(Your instructions):
An exact copy of every line from the one holding "Después de seis" to the end of the entries below is required; leave the pictures out.

---

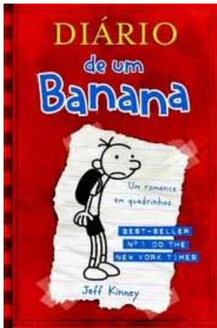
Diário de um Banana 1, 2 e 3 O cômico dia a dia de Greg, contado em seu diário. Espie você também!
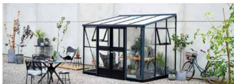
Juliana Veranda ist die perfekte Lösung, wenn man eine Wand hat. Siehe Seite 14.

Gewächshäuser gibt es in vielen Formen. Die klassische Form ist das rechteckige Gewächshaus, aber es gibt sie auch als Wandmodell, im Pavillonstil oder mit einem Erker. Eine Tomate gedeiht jedoch ebenso gut in einem runden wie in einem quadratischen Gewächshaus. So ist es eine individuelle Einschätzung und hängt vom persönlichen Geschmack und Stil ab.
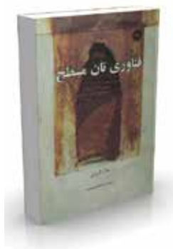
فناوری نان مسطح تألیف جلال قارونی ترجمه عبدالحسن بصیره چاپ اول ۱۳۸۲ صفحه ۱۷۶
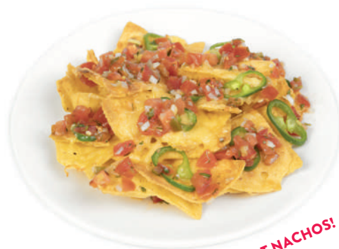
WEST COAST NACHOS!
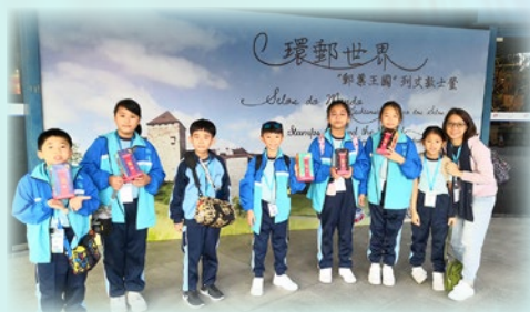
我們在通訊博物館買了很多精美的郵政產品回家！
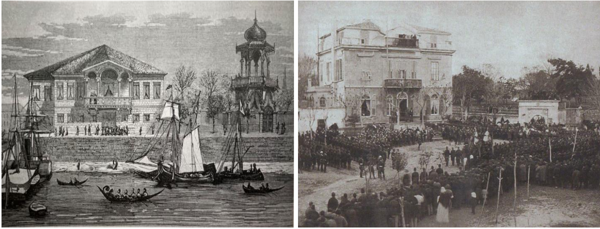
Şekil 8. Neriman Şah Yalısı'na ait bir gravür (solda) (Başgelen, 2008: 10) Dadyan Konağı 23 Mart 1878 Abdullah Biraderler (sağda) (Tuna, 2006: 106)

Yeşilköy hafızasında önemli yer tutan sivil mimarlık örneklerinden 3 Mart 1878'de Ruslarla yapılan Ayastefanos Antlaşması'nın imzalandığı Neriman Şah Yalısı ile 93 Harbinde Osmanlı Devleti ile Rus ordusu arasında gerçekleşen müzakere sürecinde Rus ordusu adına Grandük Nikola Nikolayeviç'e tahsis edilen Barutçubaşı (Dadyan) Konağı, günümüze ulaşamayan yapılardır (Şekil 8).
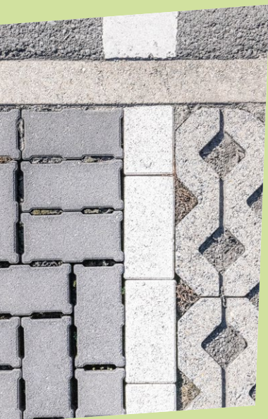
diverse waterdoorlatende verharding

De verdroging leidt – vooral in gebieden met kleigrond – zelfs tot verzakkingen en scheuren in woningen . En tenslotte versterkt al die verharding het stedelijk hitte-eiland-effect waardoor in bebouwd gebied de temperaturen hoog kunnen oplopen en het er 's nachts moeilijk afkoelt.
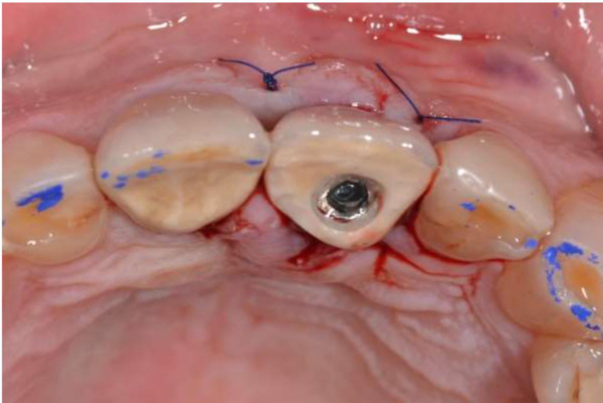
Slika 3. Rana zatvorena šavovima i provizorna krunica na implantatu učinjena od frakturirane krune zuba 21.
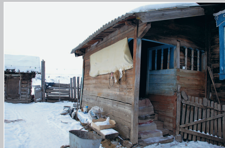
803. Крыльцо дома в селе Ула́дый Кяхтинского района Республики Бурятии. Фото 1985 г.
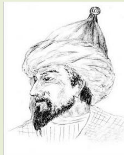
Бұрындық хан 1480-1511
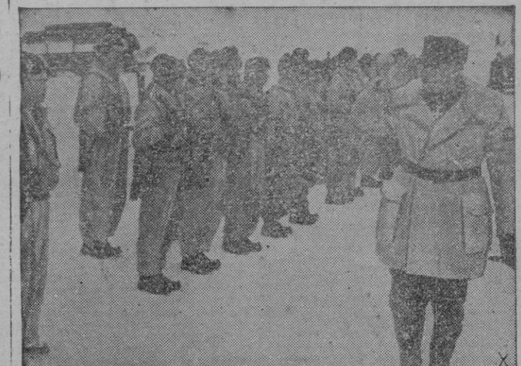
Después de seis días de una marcha, estos soldados finlandeses llegan al lugar en que han de relevar a camaradas alemanes. El Jefe de su unidad les pasa revista a su llegada.
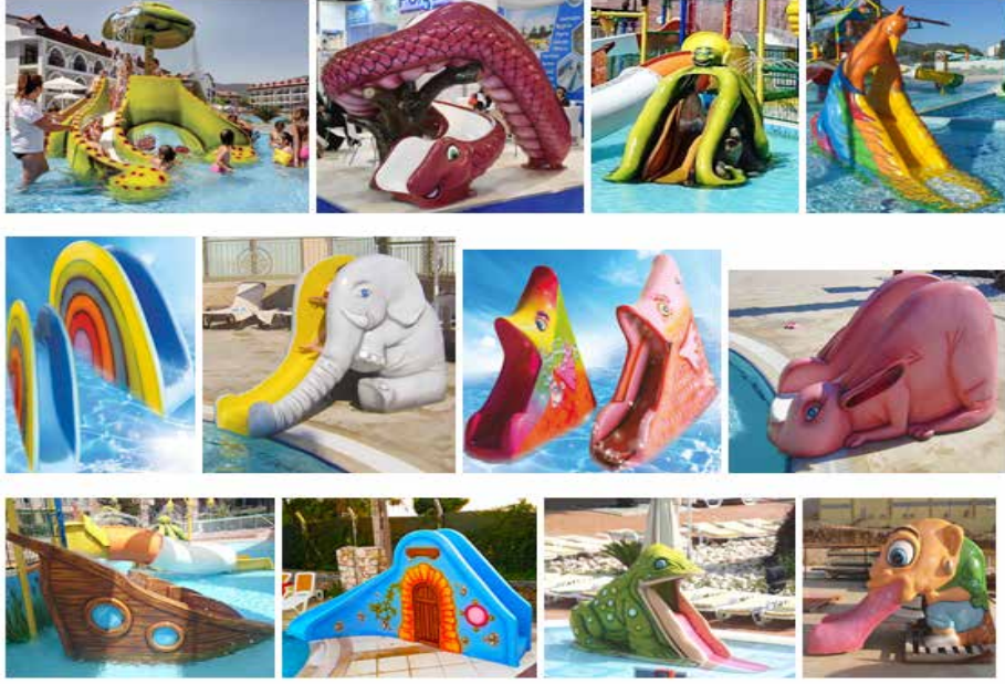
Şekil-2: Animasyon Kaydırak Çeşitleri
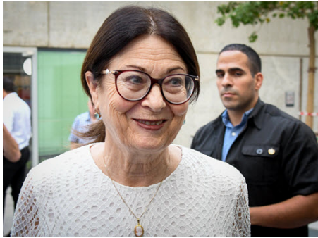
אסתר חיות

11/12/2019 | אסתר חיות | נאומים | תגובות
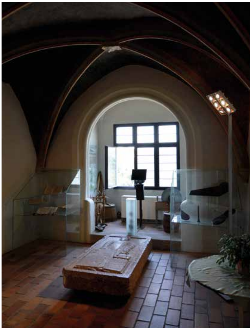
Obnovená gotická síň – současná podoba s muzejní expozicí z roku 2000

Toto nepřehledné a nepředvídatelné prostředí mělo ještě jednu vlast-
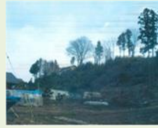
昭和8 森下森林管理事業
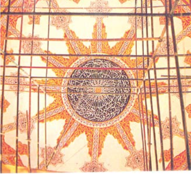
Resim, 6- Restorasyon sonrası ana kubbe

Bu mahaldeki tüm pencere çevresinde yer alan alçı kornişler taksimatlarına göre yerlerine applike edilerek, yapının mimarisinin belirginleşmesi sağlandı.

---

(Output):
Después de seis días de una marcha, estos soldados finlandeses llegan al lugar en que han de relevar a camaradas alemanes. El Jefe de su unidad les pasa revista a su llegada.
Şekil-2: Animasyon Kaydırak Çeşitleri
אסתר חיות

11/12/2019 | אסתר חיות | נאומים | תגובות
Obnovená gotická síň – současná podoba s muzejní expozicí z roku 2000

Toto nepřehledné a nepředvídatelné prostředí mělo ještě jednu vlast-
昭和8 森下森林管理事業
Resim, 6- Restorasyon sonrası ana kubbe

Bu mahaldeki tüm pencere çevresinde yer alan alçı kornişler taksimatlarına göre yerlerine applike edilerek, yapının mimarisinin belirginleşmesi sağlandı.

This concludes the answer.